$500m-valued Suno hit with new copyright lawsuit from Germany’s GEMA.
AI music generator Suno continues to be one of the most controversial entities in the music business today.
In June, the $500 million company was sued by the major record companies, along with fellow AI firm Udio, for allegedly training their systems using the majors’ recordings without permission – an accusation they pretty much admitted to in court filings in August.
Now Suno is also being sued for copyright infringement by German collection society and licensing body, GEMA.
GEMA represents the copyrights of around 95,000 members in Germany (composers, lyricists, music publishers) as well as over two million rightsholders worldwide.
GEMA accuses the AI company of “processing protected recordings of world-famous songs” without permission or remuneration.
According to GEMA, the AI tool generates audio content “that is confusingly similar to the original songs”.
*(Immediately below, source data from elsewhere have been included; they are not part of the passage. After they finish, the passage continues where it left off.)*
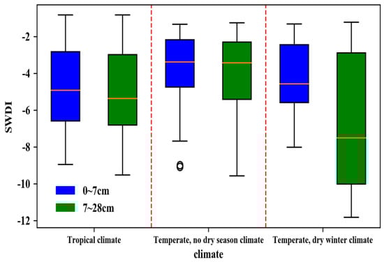 The SWDI calculated by the ERA5-Land dataset was evaluated on a weekly basis (Figure 4). The RMSE values are mostly between 2 and 3.5 in the three climate zones, which are relatively small compared to the range of the SWDI. In addition, the RMSE of the SWDI in the subsurface is much lower than that in the surface, while the RMSE values of soil moisture are quite similar in these two layers. The R values of the SWDI are mostly between 0.4 and 0.8, which are close to those of soil moisture. The bias values are mostly between −0.2 and 0.1, which are significantly smaller than those of soil moisture. In addition, the median bias of the subsurface is around zero. This may owe to the standardization in Equation (1) for the calculation of SWDI. Among the three climate zones, generally, the temperate, dry winter climate zone has the best performance according to the three statistics. This is different from the evaluation of soil moisture, which indicates that the performance of the SWDI is not necessarily in accordance with that of soil moisture. Note that it will be valuable to evaluate the uncertainty estimation of ERA5-Land using methods, such as those by Jedlicka et al. [32].
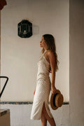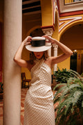 Lúcelo para una tarde de Feria, con sombrero a tono o un canotier, o llévalo por la noche con grandes pendientes y un mantón de Manila. Los lunares son sinónimo de Feria pero en un tejido delicado como este suponen una opción sutil y elegante. Su favorecedor escote halter permite lucir hombros y espalda bronceada de la manera más sofisticada. ¡Serás la reina de la noche!
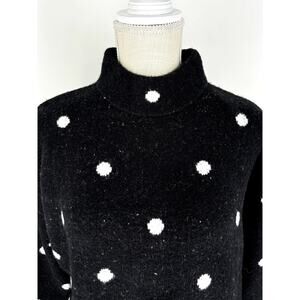 Caslon Polka Dot Mock Neck Sweater Black Ivory Womens Medium New Long Sleeve
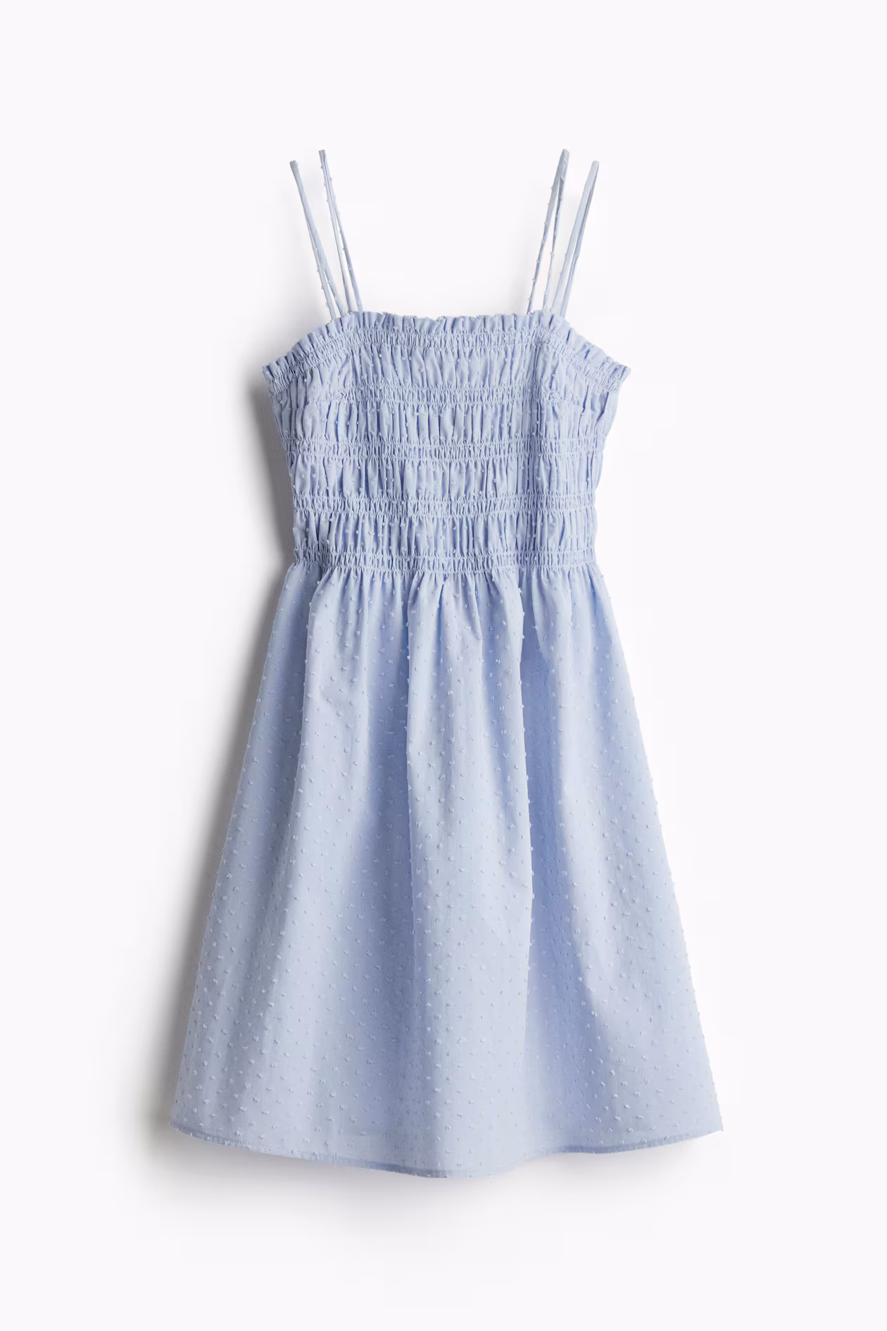 Short dress in woven cotton with a smocked bodice and flared skirt. Doubled extra-narrow shoulder straps that thread through small loops and tie at back. Square neckline and a gathered seam at waist. Lined.
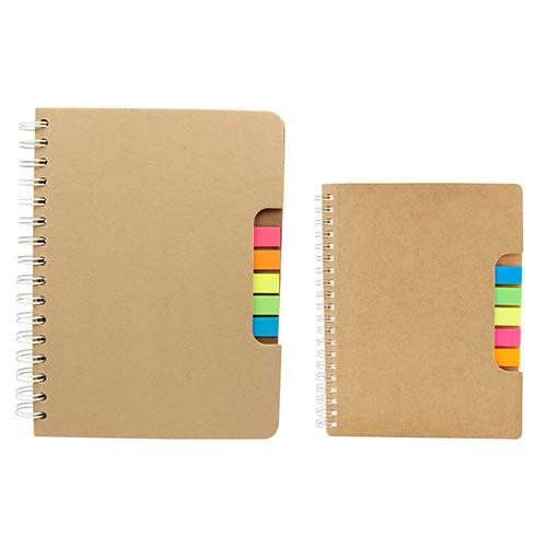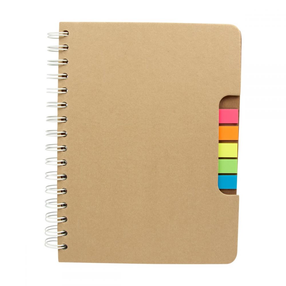 Libreta con 100 hojas de raya. Incluye banderillas adheribles en 5 colores, bolígrafo ecológico y espiral metálico doble.
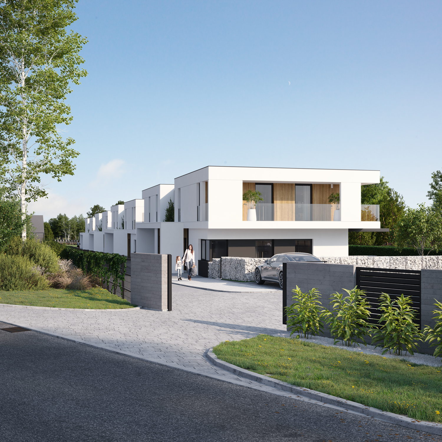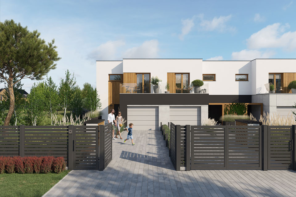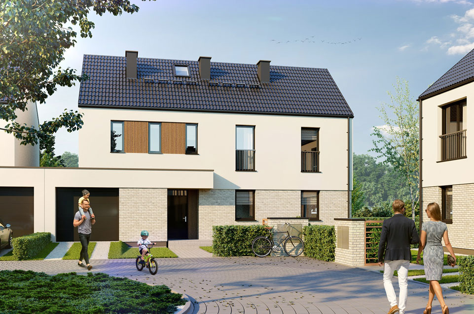 Każdy z nich oferuje 130 m² starannie zaprojektowanej przestrzeni, prywatny ogród, garaż w bryle budynku oraz dodatkowe miejsce postojowe.
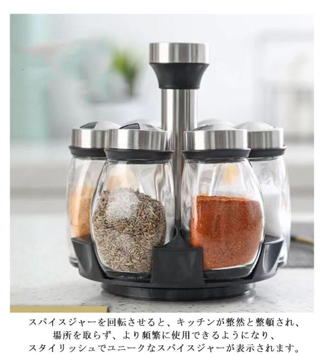 | 360°回転ブラケットには6つのガラス瓶があります。 一体化の調味料ラック。 各ボトルは、厚めガラス製です。丈夫で透明、見分けやすい調味料!使いやすい。 3種類の異なる大きさの孔型は多種の調味料に適用して、360°回転して、心のままに切り替えて、1本多役にたつ、使用しない時、回転して孔の位置がないまで(へ)できて、防塵密封して、健康衛生です。 スパイスジャーを回転させると、キッチンが整然と整頓され、場所を取らず、より頻繁に使用できるようになり、スタイリッシュでユニークなスパイスジャーが表示されます。 | |
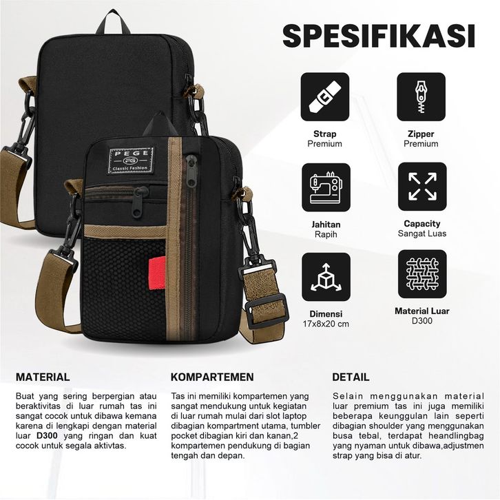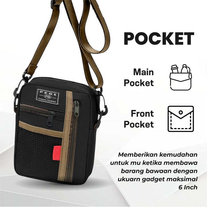 Tas Sling Bag Pria Casual PEGE Meco Selempang Sehari hari Multifungsi - PG 8898

GEMA alleges that Suno is ripping off songs by Alphaville (Forever Young), Kristina Bach (Atemlos), Lou Bega (Mambo No. 5), Frank Farian (Daddy Cool), and Modern Talking (Cheri Cheri Lady).
GEMA alleged that OpenAI, via its ChatGPT chatbot, “reproduce[es] protected song lyrics by German authors without having acquired licenses or paid the authors in question”
GEMA filed the lawsuit against Suno with the Munich Regional Court on January 21.